Parmi les différents instruments capables de caractériser la minéralogie d’un échantillon, le Microscope Electronique à Transmission (MET) a été le plus utilisé pour l’étude des météorites SNC. Cette méthode présente l’avantage de fournir à la fois l’image et la minéralogie d’une lame mince d’un échantillon de roche. Les météorites SNC sont toutes des roches magmatiques ou volcaniques produites par cristallisation d’une lave (McSween, 1994) dont certaines sont proches de roches magmatiques ou volcaniques terrestres (en l’occurrence les basaltes). Deux groupes de minéraux ont été identifiés au sein de la matrice rocheuse et se différencient selon leurs processus de formation :

• le premier groupe concerne les minéraux formés lors de la cristallisation de la roche à partir d’un liquide silicaté (McSween, 1994). Les principaux minéraux identifiables sont l’olivine, les pyroxènes et les feldspaths (McSween, 1994). Les pyroxènes présents sont des clinopyroxènes tels que l’augite et la pigeonite, et des orthopyroxènes. Les feldspaths présents sont des feldspaths potassiques, plagioclases et alcalins. Certaines des météorites sont d’ailleurs quasiment monominérales telles que les météorites Chassignite composée à plus de 90% d’olivine (Floran et al., 1978), Shergotty composée à 70% de clinopyroxènes, augite et pigeonite (Smith and Hervig, 1979), ou encore ALH84001 composée à presque 100% d’orthopyroxènes (Mittlefehldt, 1994). Sont également présents du quartz, des oxydes notamment de fer tels que la magnétite, des sulfures tels que la pyrite et des phosphates tels que l’apatite mais aussi des minéraux hydratés tels que des amphiboles et des micas (McSween, 1994)

• le second groupe de minéraux détectés dans la matrice rocheuse des météorites SNC est issu de précipitations secondaires lors de la présence, probablement épisodique, d’eau liquide à travers les fissures des roches déjà constituées (Gooding, 1992; McKay et al., 1996; Bridges et al., 2001).
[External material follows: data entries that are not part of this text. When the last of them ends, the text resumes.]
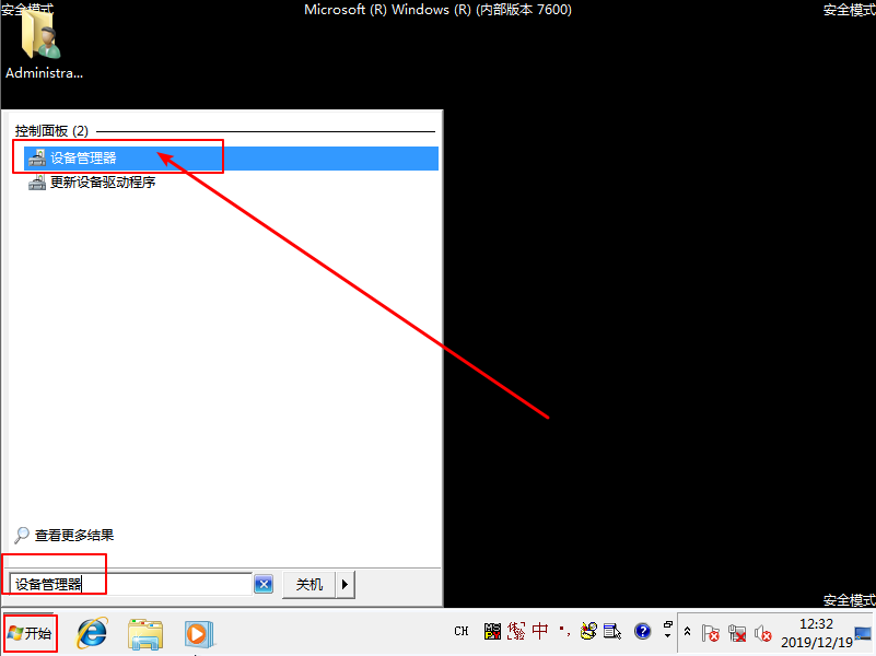 1、 進(jìn)入安全模式的桌面后,點(diǎn)擊“開(kāi)始”菜單,在搜索框中輸入并打開(kāi)“設(shè)備管理器”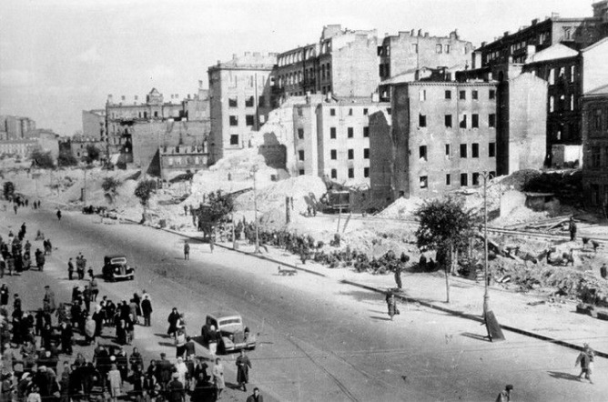 Після Другої світової війни Хрещатик лежав у руїнах, бо в 1941 році його було підірвано силами НКВС, хоча радянська пропаганда звинувачувала в цьому німців.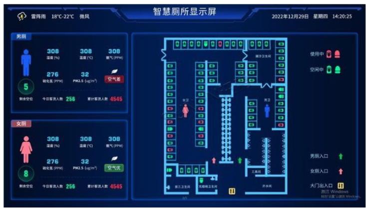 实时监测公厕环境参数(空气质量、温湿度等)和设施状态(厕位占用、水龙头使用等)。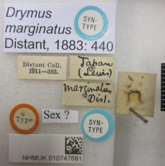 Drymus marginatus. Syntype. (BMNH) - (CC BY-NC 4.0) Photo by Stuart Cole, reproduced with permission from the Natural History Museum, London, UK.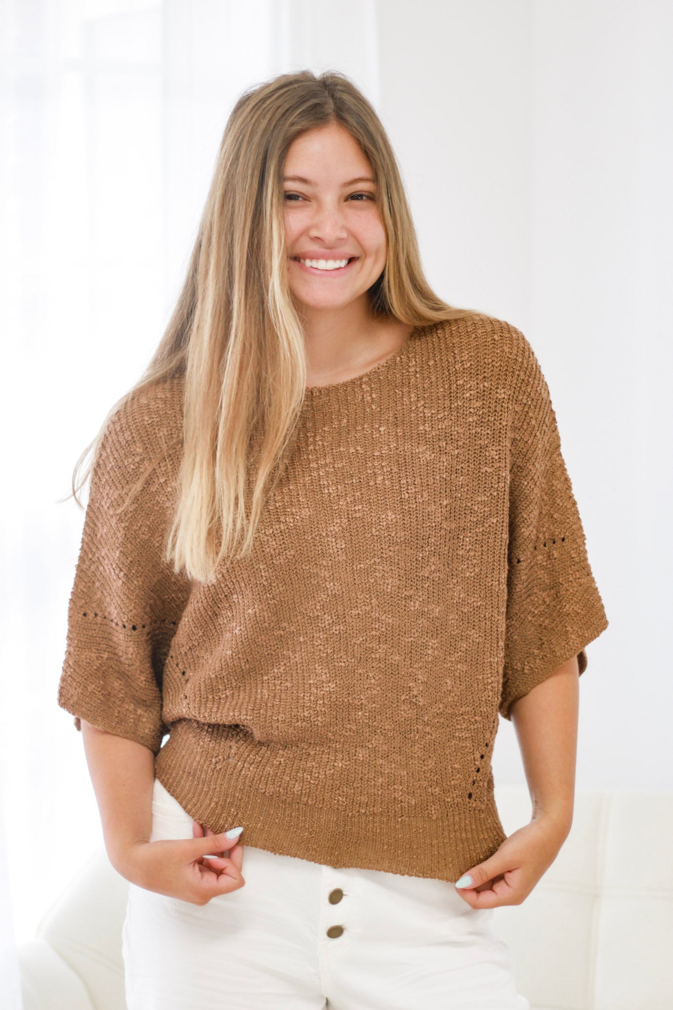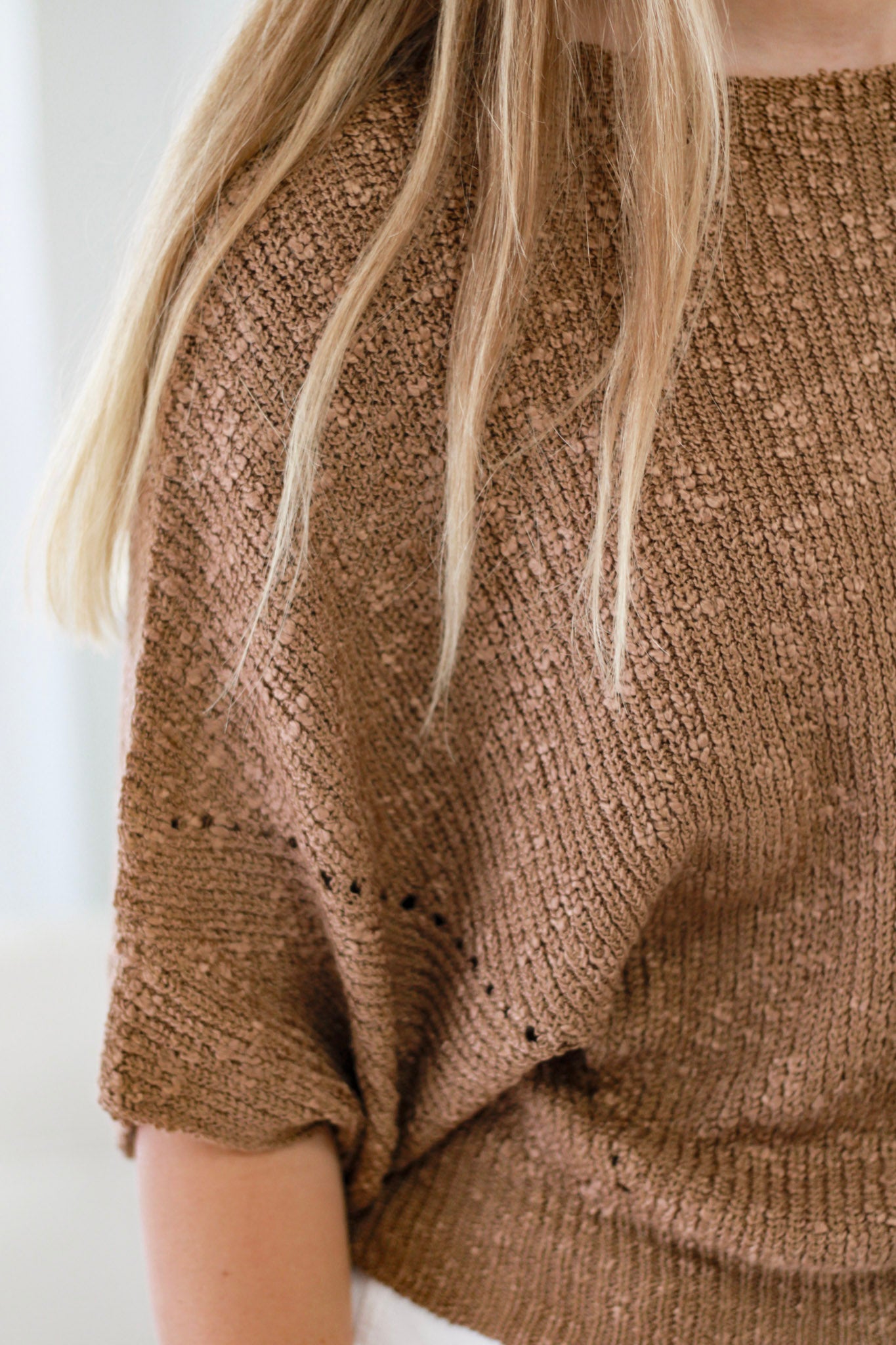 The Locked In Coco Top features a super soft knit fabric with a trendy coco hue, designed for all-day comfort. Its short sleeves and stylish cutout detail create an adorable, flattering fit that complements any wardrobe. Perfect for those seeking a blend of modern style and cozy wearability, this top is true to size for effortless styling.

Ces minéraux se sont formés soit à partir d’un fluide riche en éléments dissous qui ont précipité après évaporation soit à partir de l’altération des minéraux primaires de la roche par l’eau liquide (Gooding, 1992; Bridges et al., 2001). Ces minéraux formés en présence d’eau liquide sont des argiles telles que la smectite et l’illite, des oxydes de fer hydratés ou hydroxydes de fer telles que la goethite et la ferrihydrite, des sels telle que la halite, des sulfates tels que le gypse et l’epsomite et des carbonates telles que la calcite, la sidérite, la magnésite et la rhodochrosite (Gooding, 1992; Bridges et al., 2001). Dans le cas de la météorite ALH84001, la magnétite peut être rajoutée parmi les minéraux secondaires (McKay et al., 1996) bien que son origine soit encore ouverte à débat, il semble qu’elle provient d’une précipitation secondaire en présence d’eau liquide. De nombreuses analyses ont pu déterminer que ces minéraux secondaires ont bien été formés sur Mars, notamment en observant finement leurs interactions avec la matrice minérale primaire des météorites et en déterminant leur âge ou leur composition isotopique (C, H, O, S) (Gooding, 1992; Bridges et al., 2001). À ce titre les carbonates de la météorite ALH84001, qui représentent environ 1% du volume de la météorite, en sont un exemple parfait : les valeurs de leurs rapports isotopiques D/H sont trop élevées pour être d’origine terrestre (Boctor et al., 1998) mais certaines valeurs sont identiques à celles mesurées dans l’atmosphère de Mars. De plus l’âge des globules de carbonates serait d’environ 4 milliards d’années (Borg et al., 1999) ce qui est incompatible avec une contamination terrestre, en prenant en compte que le temps de séjour de cette météorite en Antarctique fut de 13000 ans (Gooding, 1992; McKay et al., 1996)

La composition minéralogique des météorites SNC est donc dominée par une origine volcanique ou magmatique. Des processus secondaires de précipitation ou de dissolution/précipitation, en présence d’eau liquide ont induit la formation de minéraux secondaires en plus faible quantité. Par conséquent, cette composition est en accord avec les données collectées par les sondes in situ ou en orbite autour de Mars.